Pricing

Pay per token. No seats, no tiers, no minimum spend.

Model	Context	Input /1M tokens	Output /1M tokens	Cached input /1M
Qwen3 Coder 30B A3B (AWQ) ps/qwen3-coder-30b-a3b	41K	$0.300	$1.20	—
Qwen3 30B A3B (AWQ) ps/qwen3-30b-a3b	41K	$0.0900	$0.450	—
Qwen3.5 35B A3B (AWQ) ps/qwen3.5-35b-a3b	41K	$0.140	$1.00	—
GLM 4.5 Air (AWQ) ps/glm-4.5-air	131K	$0.125	$0.850	—
MiniMax M2.7 (AWQ) ps/minimax-m2.7	197K	$0.255	$1.00	—
GPT-OSS 120B (MXFP4) ps/gpt-oss-120b	66K	$0.0390	$0.180	—

Prices are in USD. The cached rate applies when prompt caching is active.

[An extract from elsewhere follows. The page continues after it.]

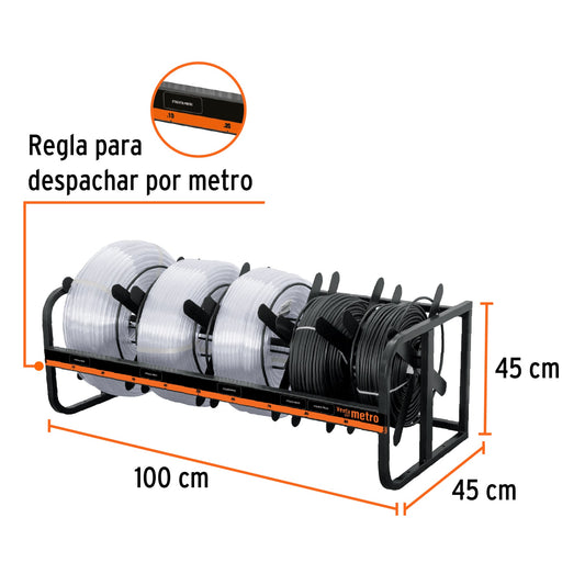 Proveedor:TruperRack para manguera y tubo flexible, Truper, 51576Fabricado en acero con recubrimiento de pintura color negra Se monta sobre el piso y no requiere fijación a la...

A dash (—) means caching is not available for that model.

Billing details

How is billing calculated?: You are billed in USD per request, based on the number of tokens in the prompt and the completion. There are no per-seat charges and no platform fee. A $4/month subscription is available for higher message limits.
Is there a monthly minimum?: No. You only pay for what you use. Accounts with a zero balance can still make requests as long as credits remain.
Do credits expire?: Credits never expire. Any balance you add to your account stays there until you use it.